Does our brain have an internal hunger switch? Researchers identify neurons that could “turn off” appetite


Image: Does our brain have an internal hunger switch? Researchers identify neurons that could “turn off” appetite

(Natural News) Eating is a basic activity performed by all living organisms. Yet there is still much to learn about it, especially how and why eating becomes disordered. The National Eating Disorder Association reports that up to 30 million people in the U.S. suffer from an eating disorder, such as overeating, undereating, anorexia or bulimia. But despite eating being more commonly associated with the stomach, recent studies suggest that it is the brain that causes these disorders.

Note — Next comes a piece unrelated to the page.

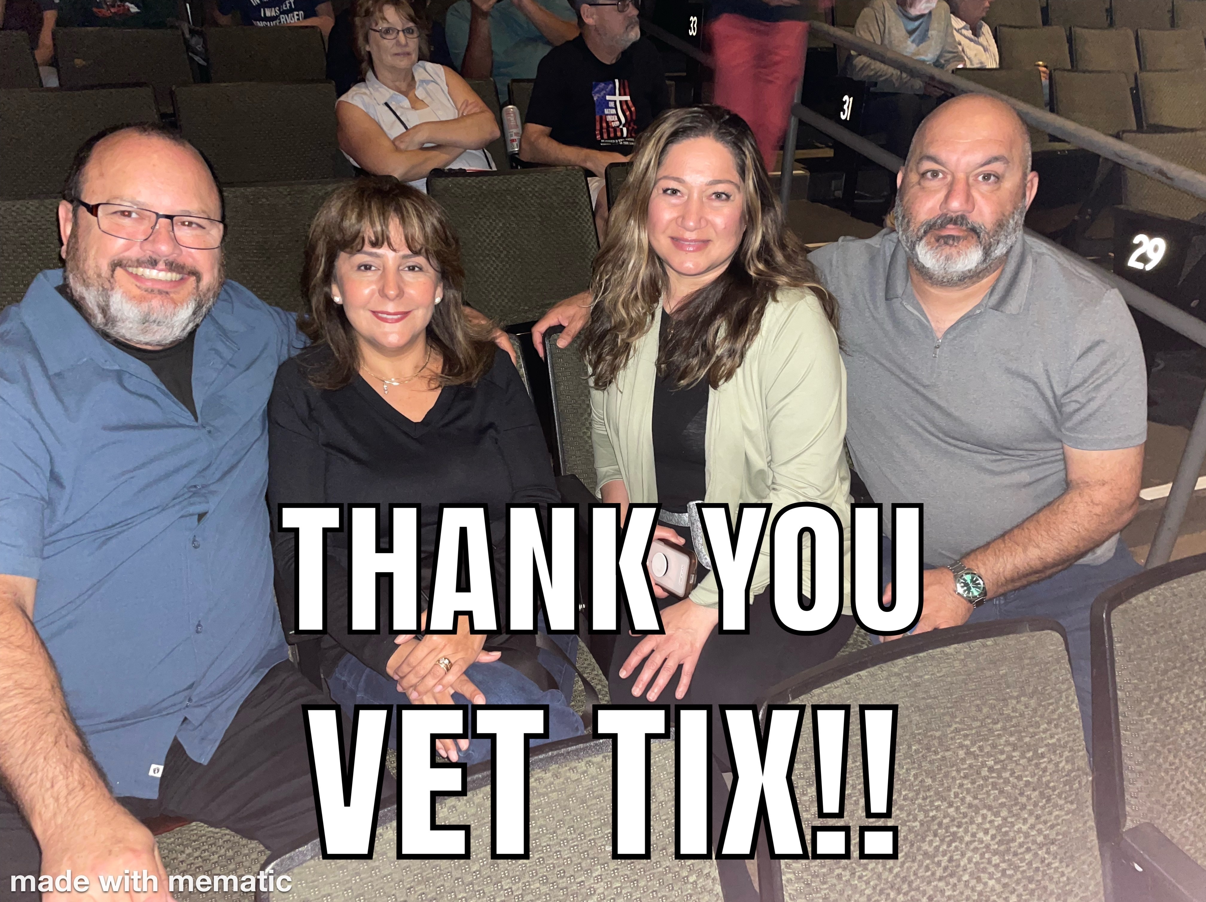 I want to thank Vet Tix and the donors of the tickets, it was a really good concert, we loved it..

In a study published in the journal Nature Communications, researchers from the University of Arizona found a network of neurons in mice that work with other brain regions to influence eating behaviors and appetite. They believe that identifying its equivalent in the human brain and finding a way to control it can help people who suffer from disease-induced appetite loss or overeating.

Your appetite is all in your head

The goal of the researchers was to discover which part of the brain controls appetite and if it could be manipulated for the management of disease-induced eating disorders. They zeroed in on a group of neurons found in the amygdala or the brain’s emotional hub. The researchers referred to this group as a symphony conductor — a region of the brain that regulates appetite suppression and activation.

To determine whether or not these neurons control eating behavior, the researchers inhibited these neurons in laboratory mice using chemogenetic silencing. This resulted in increased food intake and total eating time. When the researchers reactivated these neurons, it triggered a decrease in appetite.

“By silencing the neurons within the circuit, we can effectively block feeding suppression caused by inflammation to make patients eat more,” said Haijiang Cai, one of the study authors. “We used anorexia for simplification, but for people with obesity, we can activate those neurons to help them eat less. That’s the potential impact of this kind of study.”

While everything about eating may sound simple, the researchers believe otherwise. They claim that the hunger people feel stems from the desire to satisfy nutritional deficits or get the reward of eating something delicious. Once a person finds food, he or she checks if it is good before chewing and swallowing. Satisfaction follows after a certain point.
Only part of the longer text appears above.